◆ **Work to be completed**
When you reach the line that holds "Quartz Grey – Two-coat Metallic", start copying exactly and keep going through the final line of the data, leaving out pictures.

◆ **Dataset section**
----------------------------------------

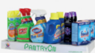
Shelf D (6 sensors)
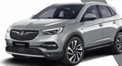
Quartz Grey – Two-coat Metallic
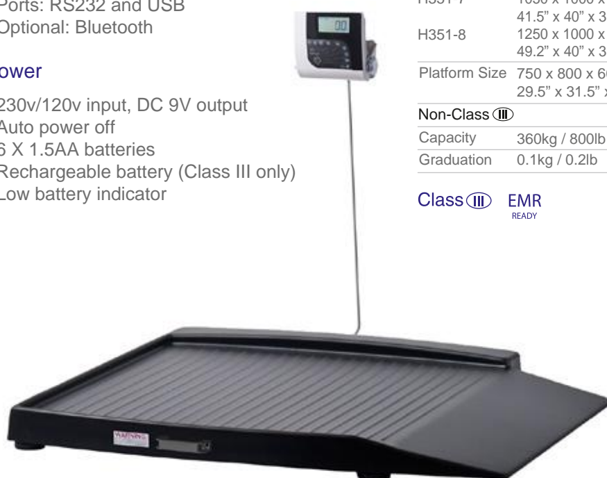
H351-7 with one wide ramp
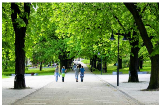
Trees in urban spaces provide multiple benefits to communities

----------------------------------------

◆ **Output below**
Quartz Grey – Two-coat Metallic
H351-7 with one wide ramp
Trees in urban spaces provide multiple benefits to communities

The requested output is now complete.